Eventually a woman in a black dress and a camerman walked down the carpet to determine whether they could get the crowd fired up. This seemed a needless mission, since the bleachers were filled largely with Americans, and if there's one thing you can count on in this culture, it's that people will appear really excited when you point a TV camera at them. Because, mostly, they are.
When it was almost time for the stars to start arriving -- not the big ones, Kevin Spacey probably hadn't even taken a shower yet -- it had begun to become evident just who was who among the real people by their relative location. Generally, the proclivity of any particular individual to engage in idolatry outside these 72nd annual Academy Awards was directly proportional to their proximity to the red carpet.
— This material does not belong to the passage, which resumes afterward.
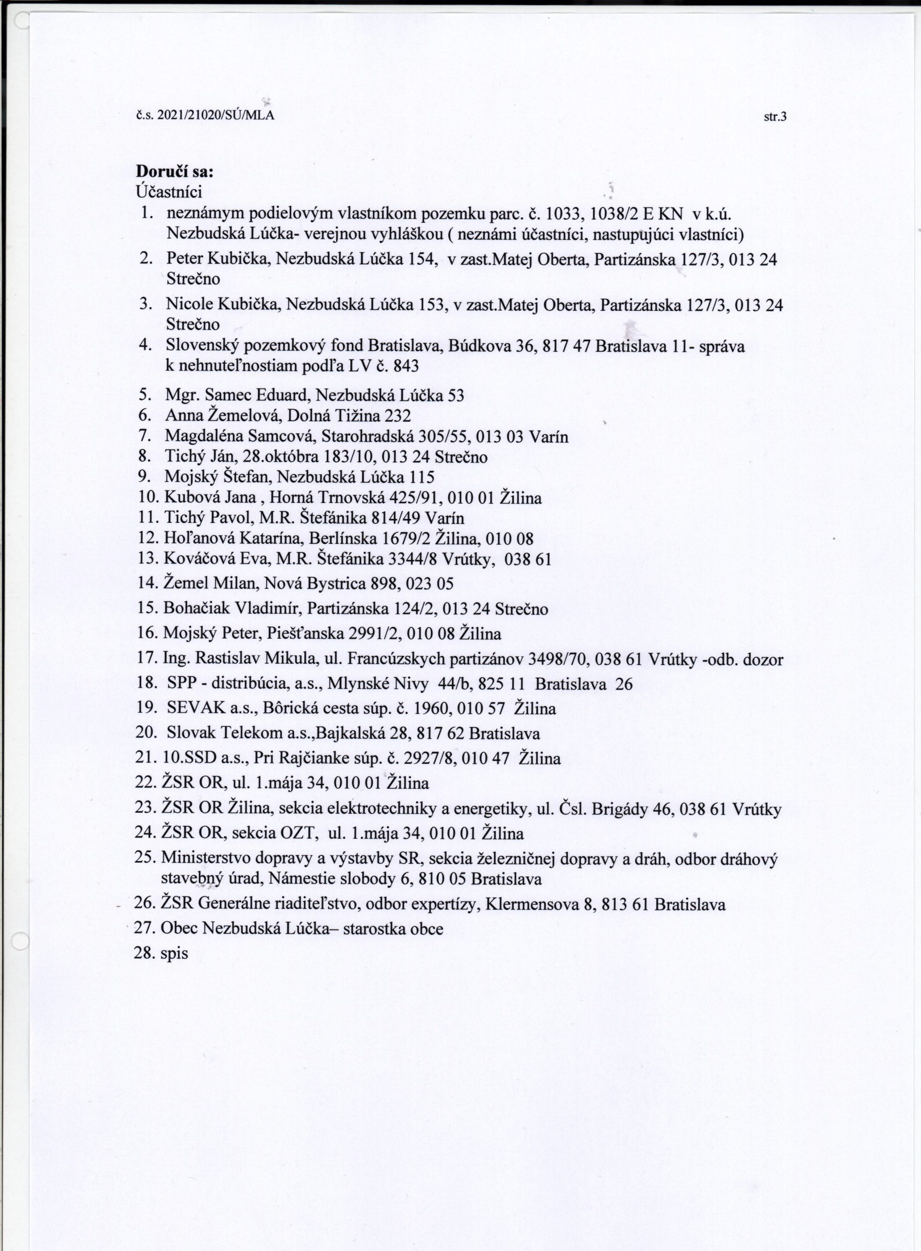 v zastúpení Matej Oberta, Červeňanského 1569/83A, 014 01 Bytča

The closest, in the first row of the bleachers, were a half dozen people wearing red "bleacher creature" T-shirts. These were the folks who began camping here a week ago, only to be shooed by authorities. Something about an ordinance like, no camping in a school zone night after night just to get a look at Meryl Streep. They were given bleacher tickets and told to come back on the weekend, and they turned out in full throated support of everyone who even looked like they might be anyone, including Joan Rivers, who, by the way, got sliced in the Los Angeles Times for being the inventor of the Take Your Daughter To Work And Just Keep Her There program.
But out on the street, not everybody in a crowd that was eight-deep behind police barriers had come to praise Oscar, but rather to harry him. Chicanos demonstrated from a the position closest to the limo arrivals, carrying placards urging "More Chicanos On TV And In The Movies!"
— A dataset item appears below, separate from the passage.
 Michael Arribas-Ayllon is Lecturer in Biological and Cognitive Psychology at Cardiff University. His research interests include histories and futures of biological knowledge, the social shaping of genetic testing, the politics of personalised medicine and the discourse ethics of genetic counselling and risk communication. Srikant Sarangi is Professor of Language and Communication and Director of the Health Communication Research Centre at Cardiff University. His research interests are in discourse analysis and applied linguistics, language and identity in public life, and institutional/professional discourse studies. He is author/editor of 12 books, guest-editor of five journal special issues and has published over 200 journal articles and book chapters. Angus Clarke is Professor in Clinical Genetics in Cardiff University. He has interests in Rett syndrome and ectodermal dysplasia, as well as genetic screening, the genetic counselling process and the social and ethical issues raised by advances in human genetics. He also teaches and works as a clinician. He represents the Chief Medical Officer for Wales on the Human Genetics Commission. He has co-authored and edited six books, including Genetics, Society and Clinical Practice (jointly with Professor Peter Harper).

Up Jefferson maybe 50 yards, "The Cider House Rules," an understated abortion rights film nominated for best picture, was being scalded by pro-life activists with their large, graphic pictures of aborted fetuses. "Cider House Reeks" read a large sign.
Around the block on 32nd Street though, Zan remained the man farthest from Oscar idolatry.
"Look at the films this year," he said evenly. " 'American Beauty.' The villain is a retired military officer, retired honorably I presume, and he is so despondent over a brief homosexual advance that he winds up killing his neighbor, while the hero is someone who drops out of the American system and smokes marijuana with a young neighbor boy, who is a dealer.
"And that has a chance to win the Academy Award! I mean, I am the only one this bothers?"